My proof was a little long but it went roughly like this:
Because the neighborhoods are disjoint and because the rationals are dense in the reals it is possible to locate a point (a, b) where a and b are rational numbers in each neighborhood that is in no other neighborhood. So, we have a 1-1 correspondence between a subset of the countable set $$\mathbb{Q} \times \mathbb{Q}$$ and the neighborhoods in $$\{ N_{a} \}$$. Hence, the set is at most countable. (Looking back, I can see I was thinking of pairwise disjoint, which we never defined... Rudin only mentions that two sets can be disjoint. http://en.wikipedia.org/wiki/Disjoint_sets" makes a distinction between pairwise disjoint and sets that merely have a disjoint intersection. I think a variation of this proof might still work, so can I even hope for partial credit?? Maybe?)​
3. Let p be a point in an arbitrary metric space X. Let $$A=\bigcap_{r \in \mathbb{R} >0} N_{r}(p)$$ the intersection of all neighborhoods of p. Prove that A={p}.

I said that a nested intersection of open sets could not be empty, and p is the only element contained in every set hence the intersection must be p.​
4. For a metric space X and a function $$f:X \rightarrow \mathbb{R}$$ define Z(f) as the set of all x in X such that f(x) = 0. Show that if f is continuous, then Z(f) is closed.

I said that {0} is a closed set in $$\mathbb{R}$$ because it is finite. Hence $$f^{-1}(\{ 0 \})$$ must be a closed set in X because f is continuous.​

If you can let me know if any of these seem right or wrong it be a big help! I'm freaking out about my grade.

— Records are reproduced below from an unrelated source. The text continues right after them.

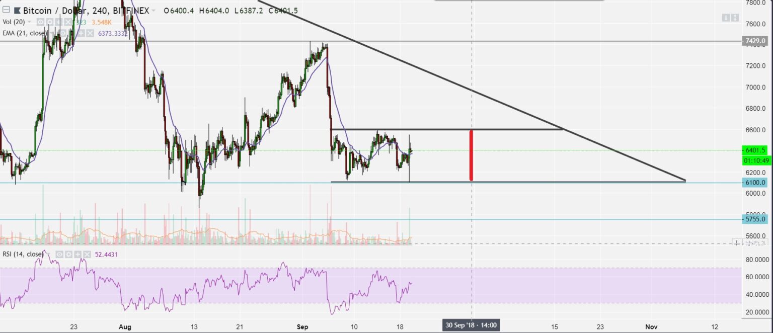A tegnapi napon egy négy órás idősávban az árfolyam $6100 és $6600 környékén is járt. A meredek zuhanás meredek emelkedésre váltott, a vásárlók tömegesen nyitották pozícióikat és egy óra leforgása alatt, jóval a kiindulási árfolyam fölé vásárolták magukat. Aztán jött a jól megszokott visszahúzódás és stagnálás, az árfolyam pedig visszakerült a szeptember eleje óta megszokott átlag, $6350 környékére.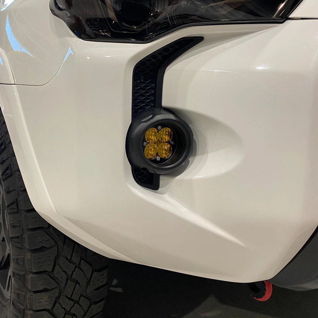 The Toyota Tacoma (12-Current) / 4Runner (10 – Current) / Tundra (14 – Current) Fog Pocket Kit allows you to mount 2 Squadron Series auxiliary lights in the factory location. This Plug and Play kit includes two Squadron Sport Amber Wide Cornering lights, two vehicle specific mounting brackets and a wiring adapter, allowing you to use your factory switch and mounting hardware.Â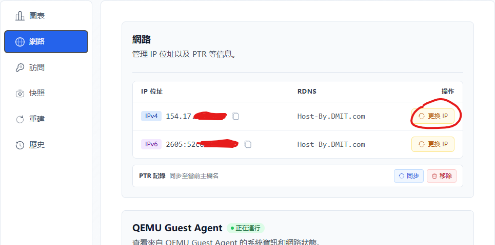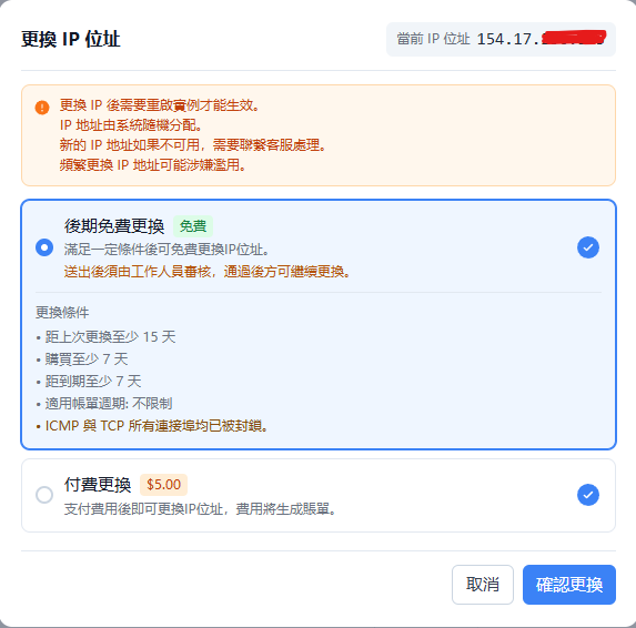 目前商家 全部 VPS 产品线 已开放后台自助更换 IP 功能,用户可以直接在控制面板提交申请,无需再通过工单处理。

Last edited by a moderator: Apr 23, 2017 at 2:10 PM
2. Jul 11, 2008

### futurebird

No. 1 should read: "Finite sets contain no limit points. Hence every finite set contains all of its limit points."

3. Jul 11, 2008

### futurebird

Maybe I should move this post to the analysis forum?

4. Jul 11, 2008

### Dick

The only answer that's wrong big time is 3). An intersection of open sets CAN be empty, try the intersection of the intervals (0,1/n), and you can't use that p is the only point common to all the neighborhoods in the proof, that what you are trying to prove. For 2) Rudin clearly means pairwise disjoint. Otherwise it wouldn't be true.

5. Jul 11, 2008

### futurebird

An intersection of nested open neighborhoods can't be empty, though, right?

6. Jul 11, 2008

### Dick

'nested' usually just means the (n+1)th neighborhood is contained in nth neighborhood. So the example I gave is nested. The set of the intersection of all neighborhoods of p isn't empty, since as you said, they all contain p. Your job is to show that the intersection is ONLY p.

7. Jul 11, 2008

### futurebird

Ah crud. Would it have been enough to show that given any point in a neighborhood of P there is a set smaller than that neighborhood that excludes it? Or is there more to it than that?

8. Jul 11, 2008

### Dick

That's it. If there is a point q in the intersection that's not equal to p, construct a neighborhood that excludes it. Proof by contradiction.